§ **Provided material**
━━━━━━━━━━━━━━━━━━━━━━━━━━━━━━

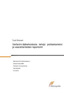 Opinnäytetyön tarkoituksena oli selvittää varfariini-lääkehoidon vakavista vaaratilanteista tehdyt potilaskantelut pääkaupunkiseudulla. Työn tavoitteena oli antaa tietoa varfariini-lääkehoidon potilasturvallisuudesta ja tuoda esille kehittämisehdotuksia haittatapahtumien raportoimiseen. Teoreettinen viitekehys koottiin kartoittamalla tutkimustietoa varfariini-lääkehoidon yleispiirteistä, riskitekijöistä ja vaaratilanteista. Lisäksi viitekehykseen kerättiin ajankohtaista tietoa ja suosituksia kansallisesta potilasturvallisuus- ja raportointijärjestelmästä. Työelämäyhteistyö toteutui Etelä-Suomen aluehallintovirastossa käymällä läpi vuosina 1998−2011 ratkaistut potilaskantelut. Aineiston läpikäymiseen ja analysointia varten käytettiin havainnointia ja sisällön erittelyä eli sekä laadullista että määrällistä menetelmää.
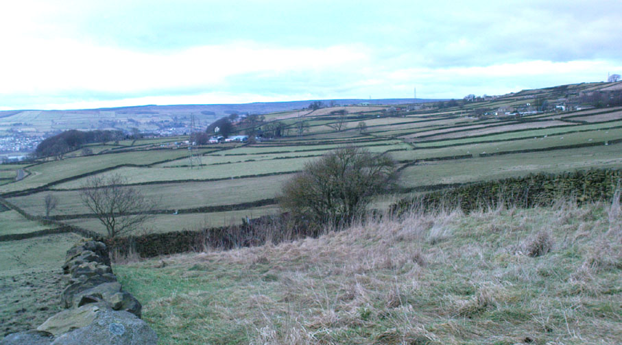 Various ways here. From Keighley, go up the A629 Halifax Road, first left after the Ingrow West train station, uphill; then turn right, and up the long, cobbled, zizaggy road past the little hamlet of Hainworth and uphill till you reach the solitary farmhouse of Goff Well Farm (where its friendly owners can sell you organic fresh eggs!). It’s the field just before here on your left (if you reach the Guide Inn pub further uphill by the crossroads, you’ve gone too far). Alternatively start at the Guide Inn pub and walk across the road and downhill till you reach the farm. It’s in the first field on the right just past it.
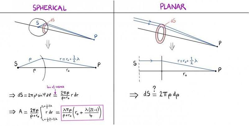 - the ##\pi## element comes from having a "ring" on the sphere. But I think this element also stays since the Fresnel zones are still rings for a planar wavefront (right?);
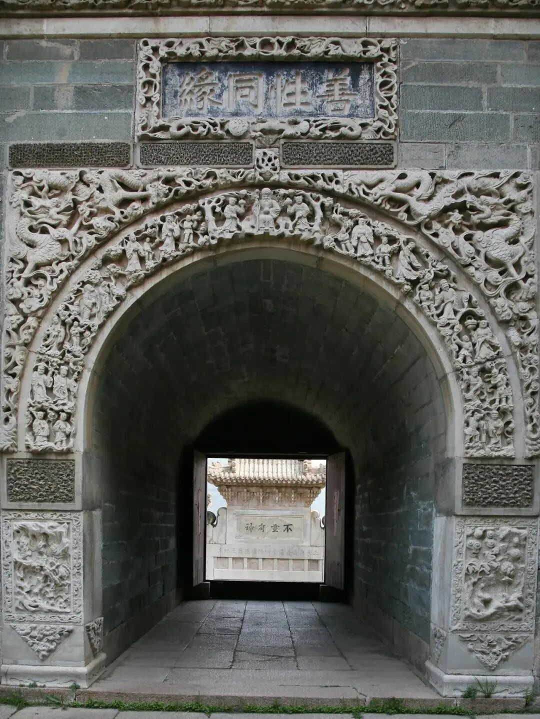 南山寺的影壁是五台山寺院最大的,石砌底座,细磨青砖筑壁身,中嵌汉白玉石雕,题词和对联雕刻其中,顶部壁檐有砖雕。

━━━━━━━━━━━━━━━━━━━━━━━━━━━━━━

The expected output is every line from the line where "- the ##\pi##" appears to the final line of the material, unchanged and with no pictures.

§ **Reply**
 - the ##\pi## element comes from having a "ring" on the sphere. But I think this element also stays since the Fresnel zones are still rings for a planar wavefront (right?);
 南山寺的影壁是五台山寺院最大的,石砌底座,细磨青砖筑壁身,中嵌汉白玉石雕,题词和对联雕刻其中,顶部壁檐有砖雕。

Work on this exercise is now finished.